Suppose $ f $ is a uniformly continuous function mapping from an open real interval $(a,b)$ into the real numbers. Then the limit as $x $ approaches $ a $ from the right of $ f(x) $ exists.
I'm having trouble proving this-- I started out with the definition of uniformly continuity. So $ f $ is uniformly continuous if for every $ \epsilon>0 $ there exists a $ \delta>0 $ such that $ \lvert x-y \rvert < \delta $ implies $ \lvert f(x)-f(y) \rvert < \epsilon $ for $x,y \in (a,b) $.
Then to prove that the right-hand limit at $ a $ exists, I thought to just let $ y=a $ and that that would give me the definition of limit; so that $ 0<x-a<\delta $ implies $\lvert f(x)-f(a) \rvert < \epsilon $, but then I realized that I couldn't do this because $ a $ isn't in the interval $ (a,b) $.
How can I prove this?
From a broader point of view, you can show that if you have a uniformly continuous map $f:X\to Y$ from a metric space $X$ to a complete metric space $Y$, then $f$ extends uniquely to a map $\hat f:\widehat X\to Y$ where $\widehat X$ is the completion of $X$. This shouldn't come as a surprise since the completion $\widehat X$ is defined in terms of classes of cofinal sequences, and the uniformly continuous maps are exactly those that preserve cofinal sequences. The uniqueness comes for free since $X$ is dense in its completion and $\tilde f\mid X=f$.
To be a bit more concrete, suppose you have a subset $A\subseteq X$ and $f:A\to Y$ is uniformly continuous. Then it can be extended uniquely to a uniformly continuous map $\tilde f:\overline A\to Y$.
We want to define $\tilde f$ on $\overline A$ so that $\tilde f\mid A=f$. Hence suppose that $x\in\hat A$ and $(a_n)$ converges to $x$ with $a_n\in A$. You can show $f(a_n)$ is Cauchy in $Y$, so since $Y$ is complete, we may define $\tilde f(x)=\lim\limits_{n\to\infty} f(a_n)$. That this is independent of the choice of sequence $(a_n)$ stems from the fact uniformly continuous functions send cofinal squences to cofinal sequences, i.e. if $d_X(a_n,a_n')\to 0$ then $d_Y(f(a_n),f(a_n'))\to 0$. Prove this!
At any rate, note that this definition agrees on all $A$ with $f$, since when $a\in A$ the constant sequence $(a,a,\ldots,)$ converges to $a$.

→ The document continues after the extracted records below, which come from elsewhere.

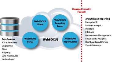 Cloud Hosting Services permite transformar los datos empresariales en información valiosa para el negocio a un coste más que razonable. Por un lado, la solución de integración iWay de Information Builders facilita a las empresas la gestión de la información tanto estructurada como desestructurada, garantizando la integración en tiempo real de sus datos desde numerosas fuentes y en múltiples formatos. Por otro, su plataforma de BI WebFOCUS permite al usuario generar reportes, gráficos y cuadros de mando personalizados, y acceder a la información desde cualquier sistema operativo y dispositivo móvil.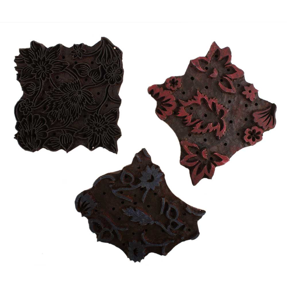 Set of 3 Piece New Mix Wooden Printing Block. Ideal for Using on Fabric, Paper, Canvas, etc. These Blocks can be use to Print with Oil Colors, Fabric Colors, Water Colors, Acrylic Colors and Vegetable Colors.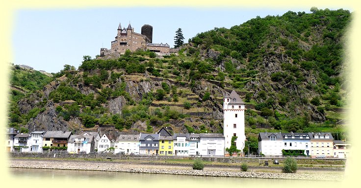 Auf den Bergwipfeln über der Stadt Goarshausen, nahe dem Loreleyfelsen, thront auf steilen Fels seit dem Jahre 1343 die Burg Katz. Die Burg fällt durch ihre ungewöhnlich kleine Grundfläche und dadurch kompakte Bauweise auf.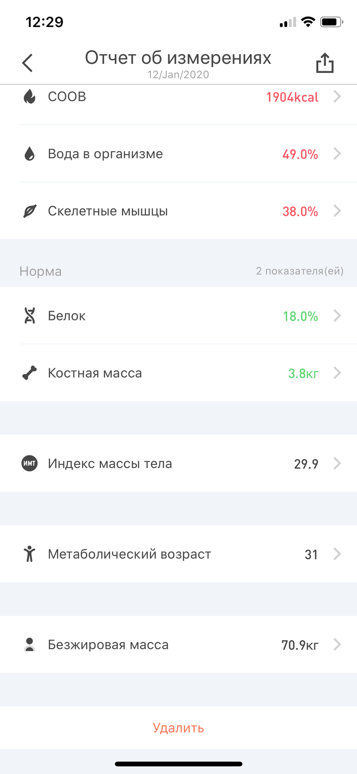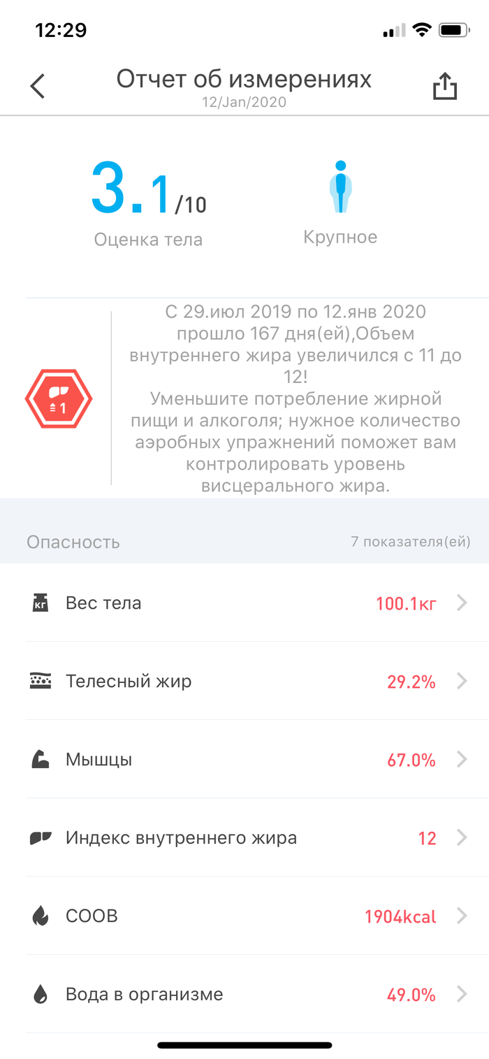 6) раз в неделю взвешивание на умных весах, с целью отслеживания результата по:

It remains to show $\tilde f:\overline A\to Y$ is uniformly continuous. It suffices to show it maps cofinal sequences to cofinal sequences. So suppose $(x_n)$ and $(y_n)$ are sequences in $\overline A$ such that $d(x_n,y_n)\to 0$. We aim to show that $d(\tilde f(x_n),\tilde f(y_n))\to 0$.
For each $n$ we have $x_n=\lim\limits_{i\to \infty}x_n^i$ and $y_n=\lim\limits_{i\to \infty} y_n^i$ for sequences $(x_n^i),(y_n^i)$ in $A$. Let's take $x_n^i$ such that $d(x_n,x_n^i)<1/i$ (and the same for $y_n$). This is actually key in the argument: we can control the convergence of all this (infinitely many!) sequences globally. Given $\varepsilon >0$ we want to obtain $N>0$ such that $n>N$ gives $d(f(x_n),f(y_n))<\varepsilon$.
Given this $\varepsilon>0$, we can find $\delta >0$ such that $x,y\in A$ and $d(x,y)<\delta$ implies $d(f(x),f(y))<\varepsilon/2$. Now there is $J$ such that if $i,j>J$ then for all $n$ we have $d(x_n,x_n^j),d(y_n,y_n^i)<\delta /3$, and we can find $N$ such that $n>N$ implies $d(x_n,y_n)<\delta/3$. This means that when $n>N$ and $i,j>J$, $$d(x_n^j,y_n^i)\leqslant d(x_n^j,x_n)+d(x_n,y_n)+d(y_n^i,y_n)<\delta$$
It follows that if $i,j>J$ then $d(f(x_n^j),f(y_n^i))<\varepsilon/2$. Since $d(-,-)$ is continuous in both variables, this gives upon taking iterated limits that $d(\tilde f(x_n),\tilde f(y_n))\leqslant \varepsilon/2<\varepsilon$ for $n>N$, and hence we conclude $\tilde f$ is uniformly continuous.